My son was diagnosed celiac in June this year and been on gluten free since then. 

His symptoms are worse pain in chest lack of sleep daily pain and frequet visit to the toilet. Diahorria sickness and is white as a sheet. 

We in the UK and he in his last year of high school and missed 2 months already due to his celiac. 

He getting no work from school and thinks he failed his last year. I have meeting with school soon as they think it's anxiety and not celiac. 

Just wants some advice how long should it taken to get better as the Dr refused to do retest to see if levels are going down and it's a waiting game they said. 

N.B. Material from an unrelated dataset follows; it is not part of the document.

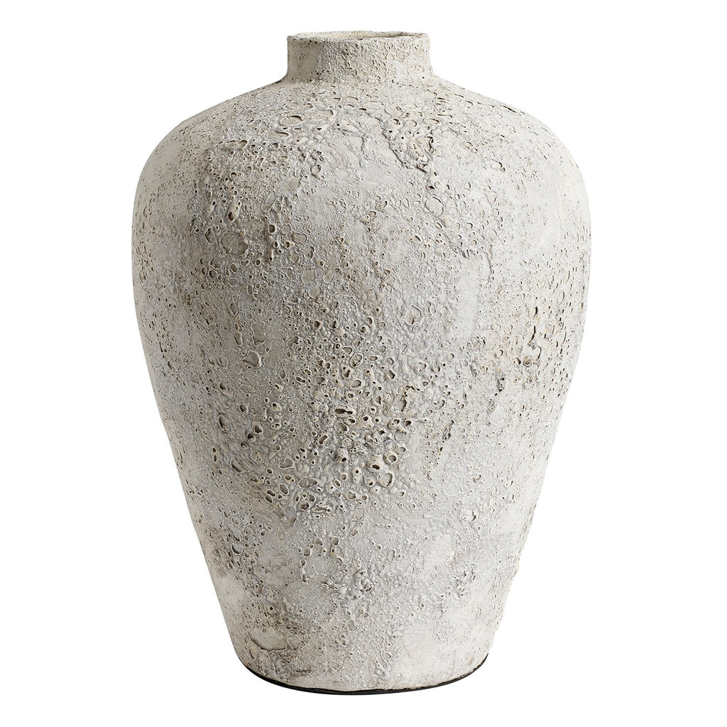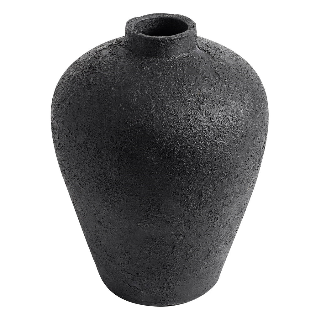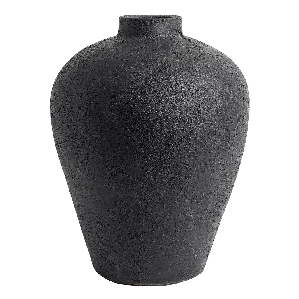 With its organic shape and rough surface, the Luna vase is a piece of unique art. The vase is made of terracotta, then hand painted and burned with a gas burner, to get the cool, crater-like effect in the glaze.

Not very helpful for a 15 year old who thinks his life ended and thinks he never be well. 

 

Any advice be great 

Thanks 

Hi Jan and welcome :)

First, have you joined Coeliac UK? Do consider it. Your son will qualify for reduced membership. They will send a book with safe supermarket foods listed, the none gluten free branded ones will save you a fortune.  They will also put you in touch with Coeliacs in your area that can offer help and support. There's a page he may find useful on their site: https://www.coeliac.org.uk/gluten-free-diet-and-lifestyle/advice-for-children-and-young-people/teenagers-and-young-adults/

Second. 4 months in is still relatively early days so there's every chance greater improvement will happen. I used to get horrible chest pains and I do occasionally get a twinge now and then, but that lets me know I'm not taking enough care with my diet. However, do not discount the chance that gluten is somehow sneaking in somewhere. There's a newbie thread here with some advice. https://www.celiac.com/gluten-free/topic/91878-newbie-info-101/  On dairy, he may have lactose intolerance which may pass as he heals. Or he may have casein intolerance as I do, which isn't going away. Food diary will help.  Keeping off it for first few months may also. Don't forget a good multivitamin too. 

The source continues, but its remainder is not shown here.